§ **Exercise aim**
Make an exact transcript of the lines in the data below, starting with the one containing "Il Presidente del" and going on through the one containing "Le corps est", with both included and the pictures left out.

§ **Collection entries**
##########

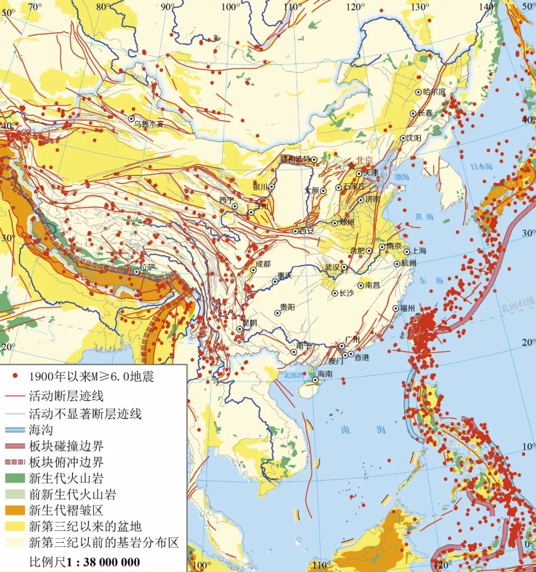 受太平洋板块、印度板块和菲律宾海板块的挤压,再加上欧亚板块深部地球动力作用的影响,第四纪构造活动十分强烈。结果就是那些与地震发生关系最为密切的活动断层(迄今12万年以来曾有活动的断层)遍布了华夏大地。
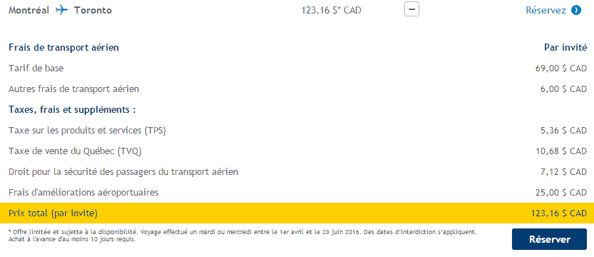 Par exemple, le trajet Montréal-Toronto ne coûte que 123$.
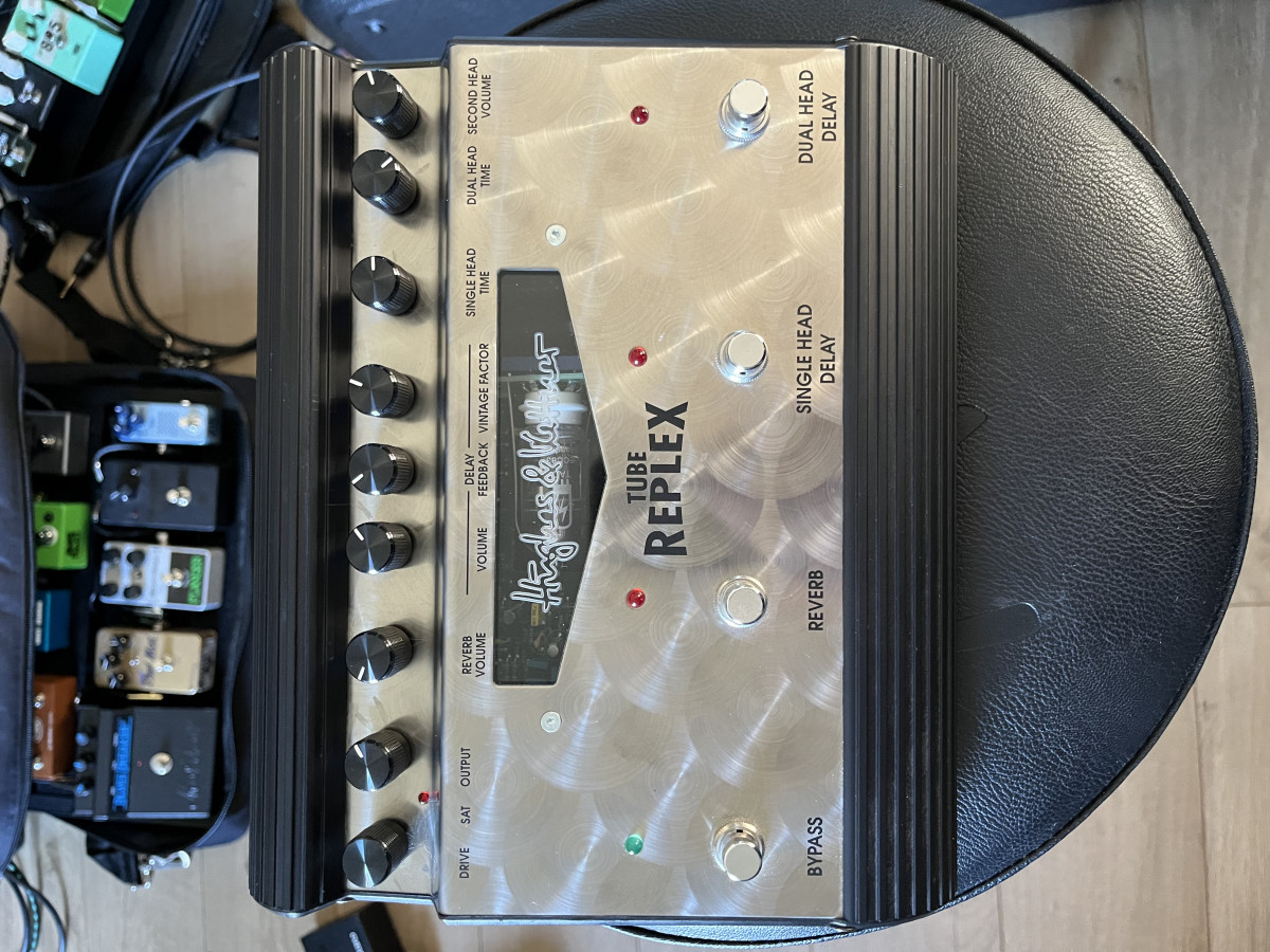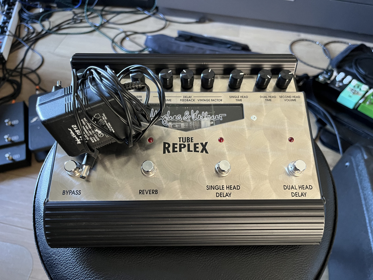 The Hughes & Kettner Replex from the Tube Tools series is a tube-driven reverb/delay effect with classic vintage flair. The comprehensive effects unit combines the proven ECC83 analog tube circuitry with a digital effects board to deliver authentic sounds from the analog and digital worlds. Using the Vintage Factor control, the sound can be continuously changed from clear digital delay to the coveted tape sound with characteristic tape distortion. In addition, the Replex features Single Head and Dual Head Mode with separate controls for delay time and volume of both head simulations.
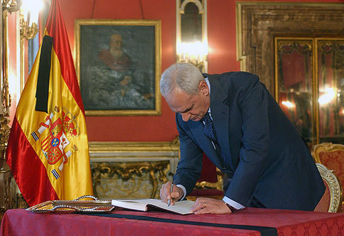 Il Presidente del Senato Marcello Pera firma il registro delle condoglianze nella sede dell'Ambasciata di Spagna, il giorno dopo i gravissimi attentati di Madrid
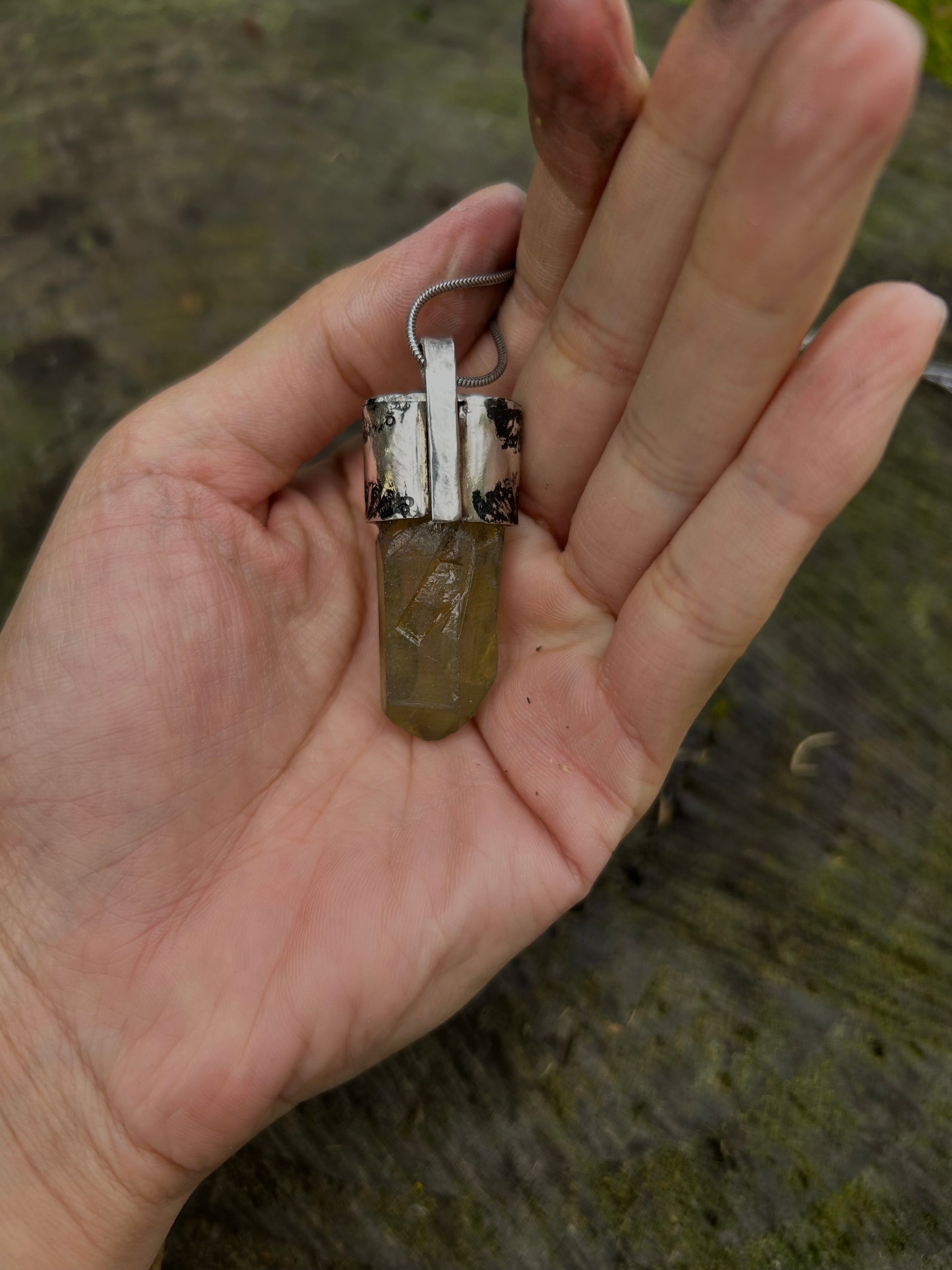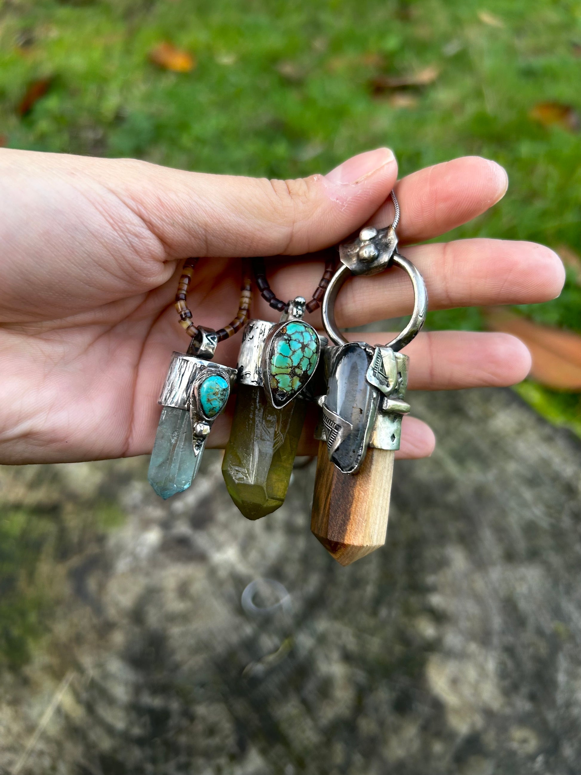 Le corps est en Quartz fumé et turquoise Qingu. Emblème de paix intérieure, le Quartz Fumé se révèle une aide précieuse pour faire face aux difficultés du quotidien. À la fois équilibrante et apaisante, elle favorise l’ancrage dans le présent.
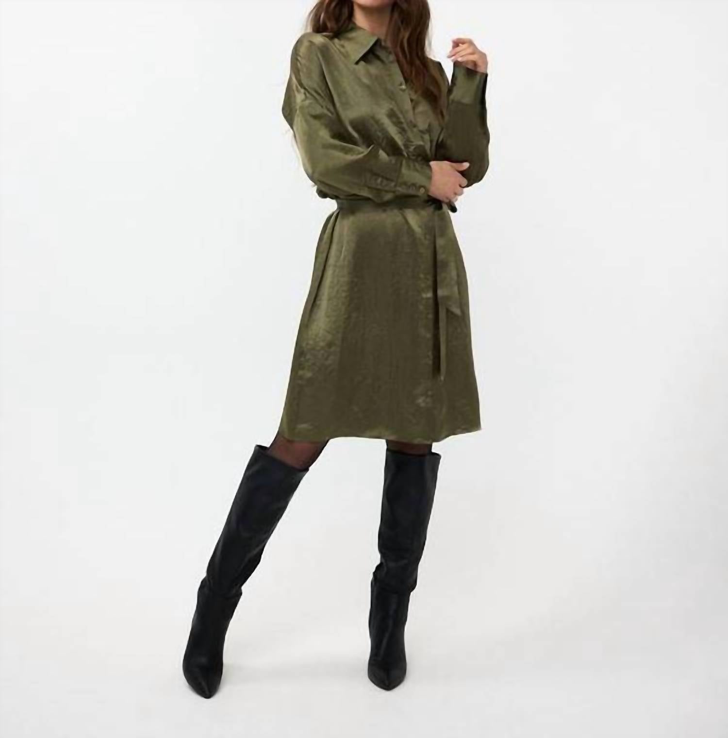 A midi dress so versatile, your options for wearing it are endless. Satin midi dress with button front a matching belt.
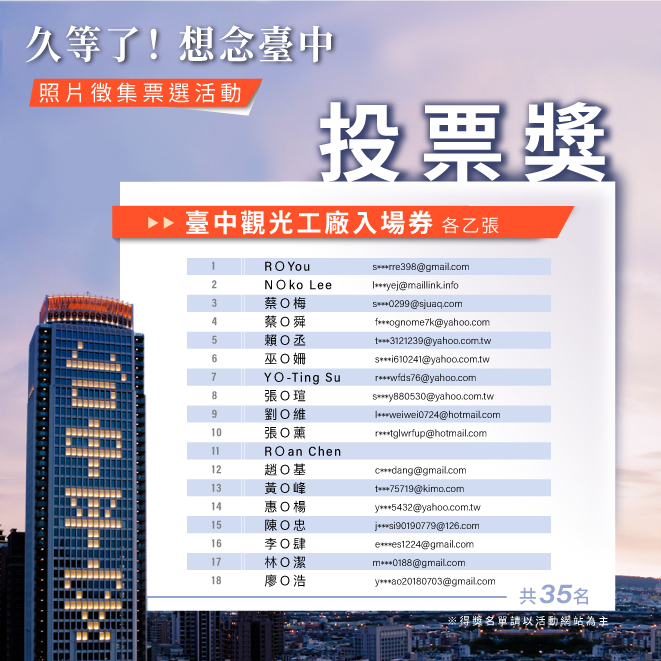 觀旅局表示,詳細得獎名單請上台中觀光旅遊網(https://travel.taichung.gov.tw/ )或大玩台中臉書粉絲團(https://www.facebook.com/taichungresort/ )查詢,並呼籲,疫情期間請民眾務必配合中央流行疫情指揮中心指引,多數景點已有限度開放,但防疫期間仍務必配合相關管制措施,出門全程佩戴口罩、勤洗手、維持社交距離,齊心守護你我健康安全,共同為安全環境盡一份心力。
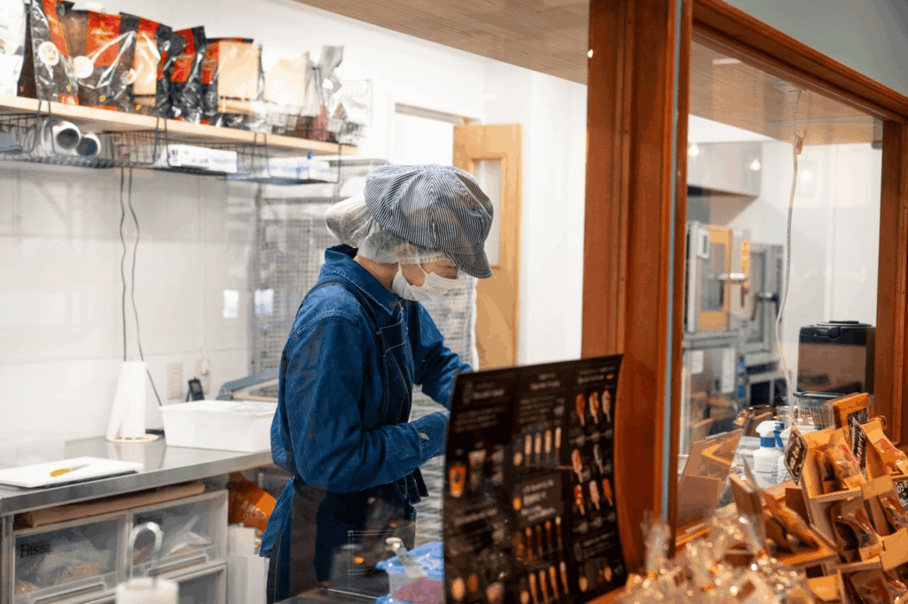 お店では年齢や経歴もさまざまなスタッフたちが、それぞれの得意なことを活かしながら働いています。製造や包装、接客など丁寧に楽しそうに分担している姿が印象的でした。

##########

§ **The answer**
 Il Presidente del Senato Marcello Pera firma il registro delle condoglianze nella sede dell'Ambasciata di Spagna, il giorno dopo i gravissimi attentati di Madrid
 Le corps est en Quartz fumé et turquoise Qingu. Emblème de paix intérieure, le Quartz Fumé se révèle une aide précieuse pour faire face aux difficultés du quotidien. À la fois équilibrante et apaisante, elle favorise l’ancrage dans le présent.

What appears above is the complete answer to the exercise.